• _Activity_: Without copying any picture, transcribe exactly the lines of the data below from the one containing "ed と控えめなニットセータートップス秋の新スクエアネック巾着ニッチスリム長袖底セーター女性 ロング" through the one containing "Discover our custom".

• _Data for this task_:
*-*-*
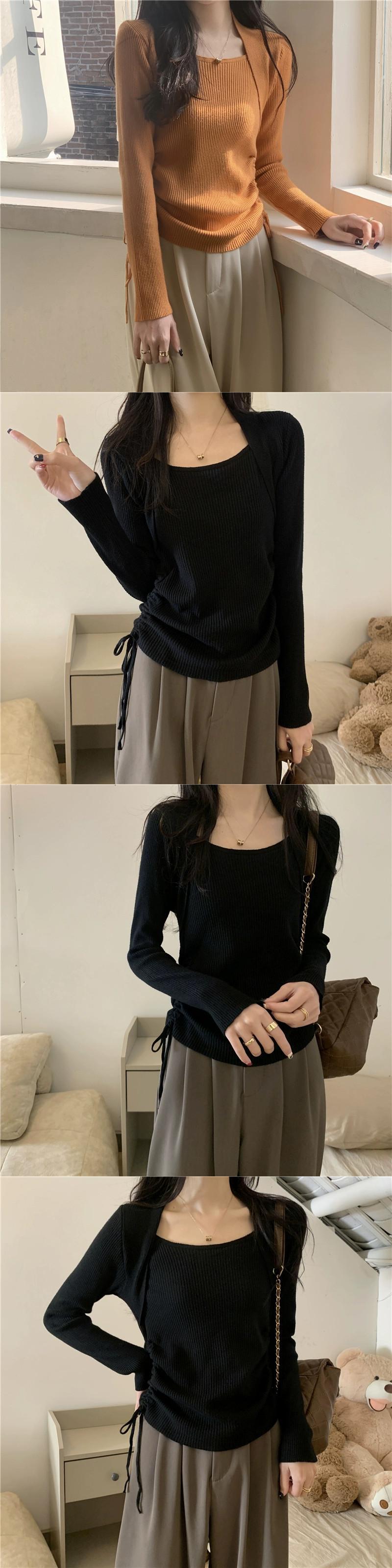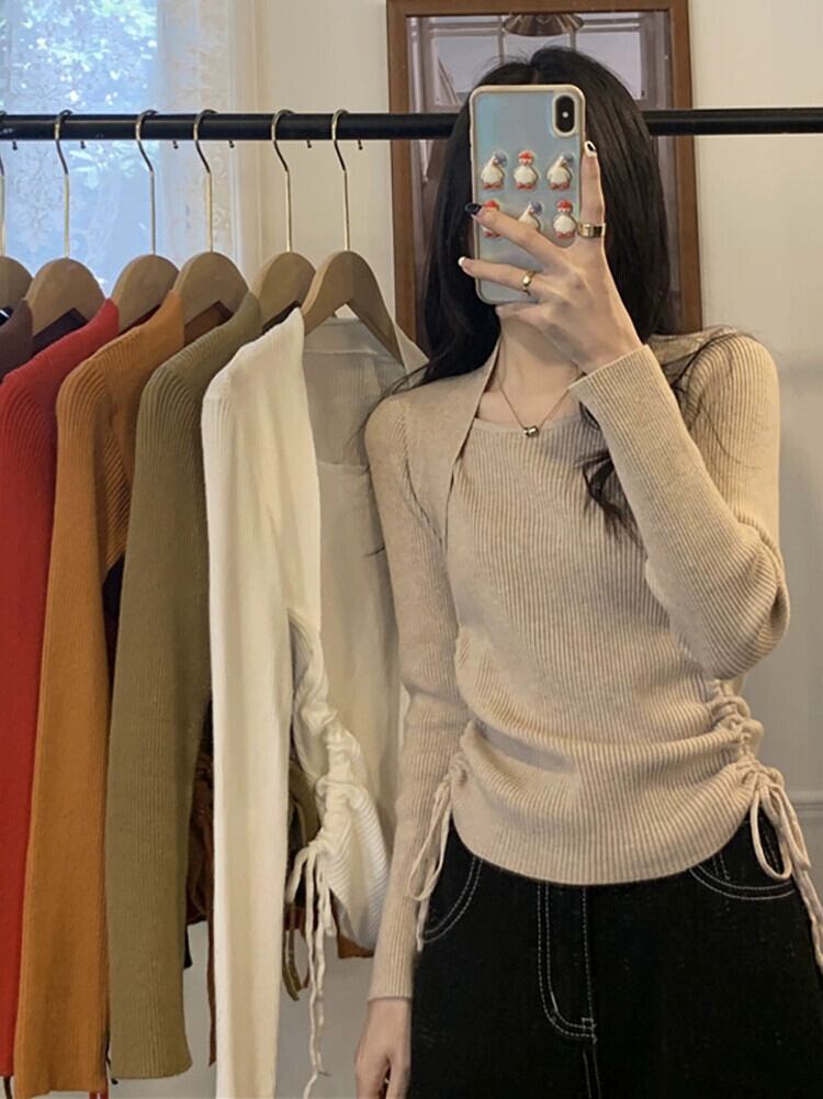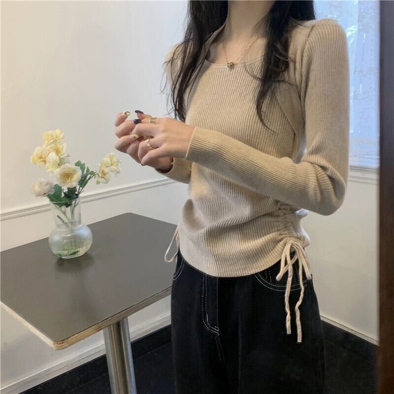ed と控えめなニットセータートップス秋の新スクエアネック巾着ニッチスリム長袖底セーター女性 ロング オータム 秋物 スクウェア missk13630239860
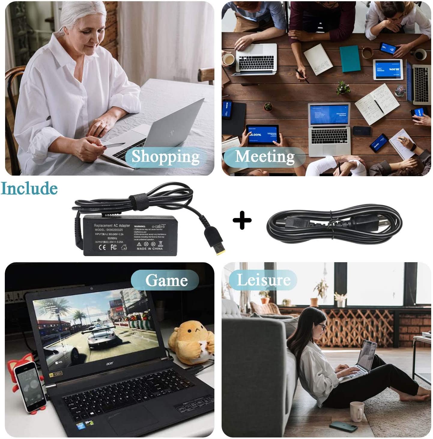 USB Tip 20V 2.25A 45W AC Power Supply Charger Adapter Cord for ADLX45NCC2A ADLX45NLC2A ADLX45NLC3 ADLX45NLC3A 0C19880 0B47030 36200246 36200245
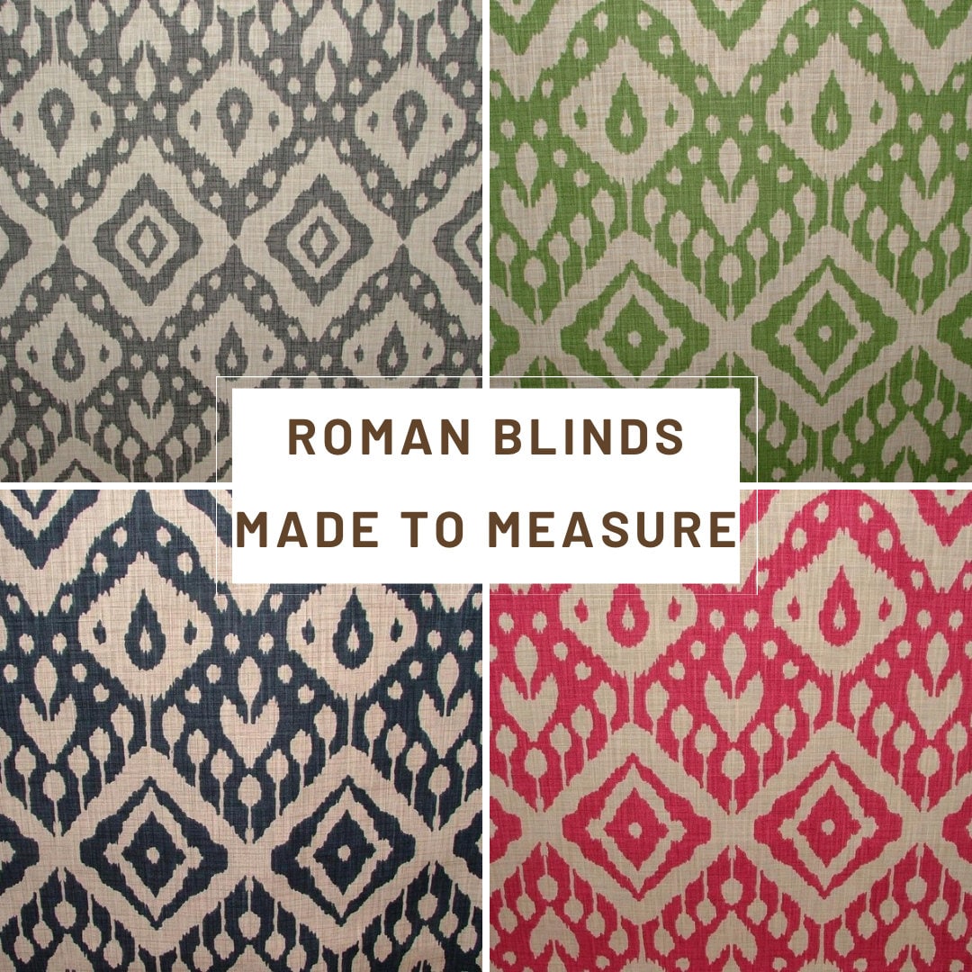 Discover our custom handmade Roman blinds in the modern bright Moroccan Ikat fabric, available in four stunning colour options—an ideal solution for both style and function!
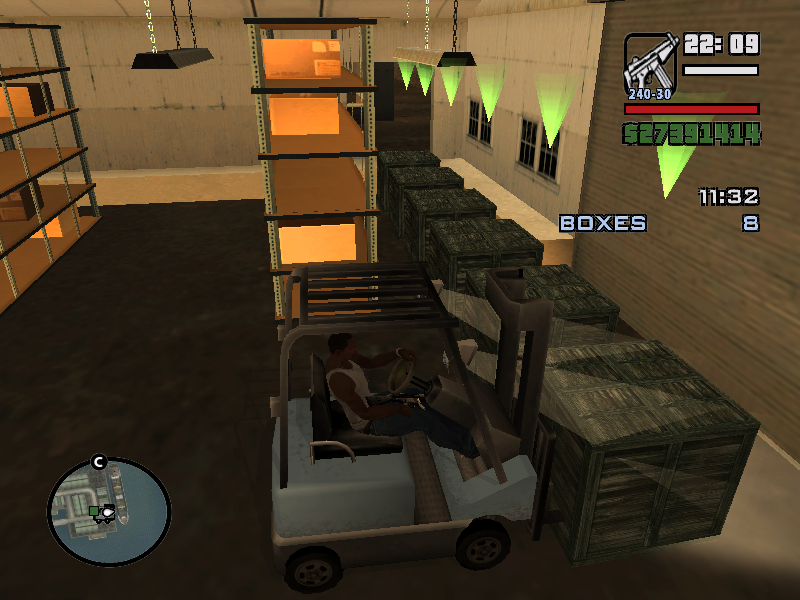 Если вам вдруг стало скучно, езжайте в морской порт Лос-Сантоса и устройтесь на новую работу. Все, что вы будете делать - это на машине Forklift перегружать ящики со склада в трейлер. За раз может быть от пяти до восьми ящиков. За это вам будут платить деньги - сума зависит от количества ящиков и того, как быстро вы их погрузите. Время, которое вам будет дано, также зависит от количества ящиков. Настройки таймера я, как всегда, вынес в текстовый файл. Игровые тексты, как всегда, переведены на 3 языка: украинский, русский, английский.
*-*-*
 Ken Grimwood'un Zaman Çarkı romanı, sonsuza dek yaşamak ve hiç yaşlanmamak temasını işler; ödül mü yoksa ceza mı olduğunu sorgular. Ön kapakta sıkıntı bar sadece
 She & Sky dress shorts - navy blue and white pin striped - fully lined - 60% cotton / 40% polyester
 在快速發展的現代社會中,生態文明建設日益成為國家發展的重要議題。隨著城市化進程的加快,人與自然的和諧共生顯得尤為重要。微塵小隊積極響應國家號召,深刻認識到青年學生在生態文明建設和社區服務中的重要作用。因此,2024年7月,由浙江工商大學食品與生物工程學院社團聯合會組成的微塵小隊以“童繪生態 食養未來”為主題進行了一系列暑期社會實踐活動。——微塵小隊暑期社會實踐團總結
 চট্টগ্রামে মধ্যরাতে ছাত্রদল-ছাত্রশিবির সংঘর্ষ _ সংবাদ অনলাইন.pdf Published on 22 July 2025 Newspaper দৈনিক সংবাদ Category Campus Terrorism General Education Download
*-*-*
• _Finished task_:
ed と控えめなニットセータートップス秋の新スクエアネック巾着ニッチスリム長袖底セーター女性 ロング オータム 秋物 スクウェア missk13630239860
 USB Tip 20V 2.25A 45W AC Power Supply Charger Adapter Cord for ADLX45NCC2A ADLX45NLC2A ADLX45NLC3 ADLX45NLC3A 0C19880 0B47030 36200246 36200245
 Discover our custom handmade Roman blinds in the modern bright Moroccan Ikat fabric, available in four stunning colour options—an ideal solution for both style and function!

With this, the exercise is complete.